A number of my conversations yesterday turned around the idea of taking action towards a larger goal while being overwhelmed with day-to-day work. This kind of “everything is on fire” operating is demoralizing - the team only achieves a proportion of the work they know needs to be done, and they will rarely do the surprising work which wins plaudits.
It also promotes tunnel vision. The book Scarcity describes the tunnelling that occurs to people under conditions of scarcity, and notes that it happens across many different types of scarcity - not just the things low on Maslow’s heirarchy of needs.
In this case, the scarcity is time, but the tunnel vision impedes the kind of laddering up of perspective that is needed to really make meaningful changes. The team’s focus is entirely on managing their backlog, preventing new things being added and finding ways of casting off old commitments.
In a lean sense, these problems often seem to be flow problems, caused by siloing and misaligned incentives. The organizational structure is such that no one has a full perspective of the value chain, and therefore no one is in a position to resolve these kind of mismatches.

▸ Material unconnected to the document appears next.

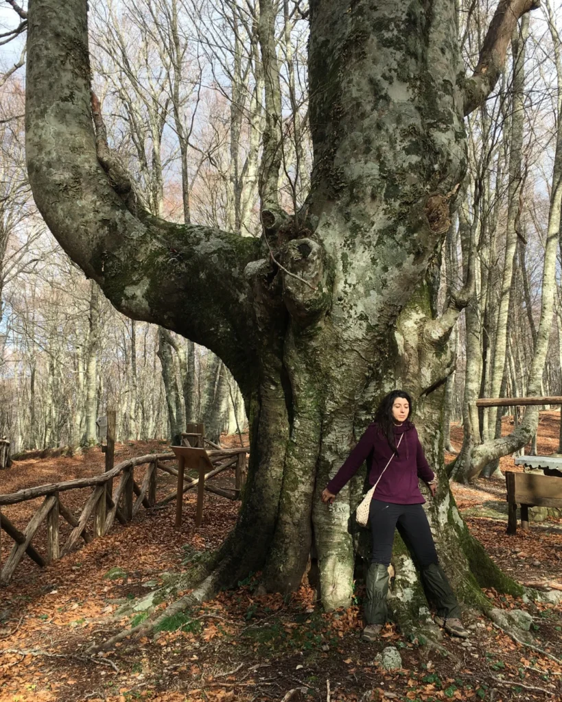 Dopo questa esperienza toccante, proseguiamo lungo il sentiero. Lasciamo il bosco di castagni e ci addentriamo in una faggeta infinita. Lungo il cammino troviamo aree da picnic e sorgenti d’acqua, ma non ancora il nostro obiettivo: il Faggio di San Francesco. Si tratta di un albero di almeno 600 anni, sotto il quale Francesco si riparava durante i suoi spostamenti da San Marco a Paola. Dopo aver camminato a lungo nella faggeta, ammirando i giochi di luce tra i rami e il vento che li culla come fosse un mare, finalmente arriviamo all’area sacra dove si trova il Faggio di San Francesco.

When you combine structural problems with tunnel vision you have a recipe for a really unpleasant and very ineffectual work environment. The only way out is bringing together people who have a view of the different parts of the process, building enough respect and trust between them that they are genuinely curious about each other’s perspective, and then defining goals with them that are bigger than any one group. This is significantly easier said than done.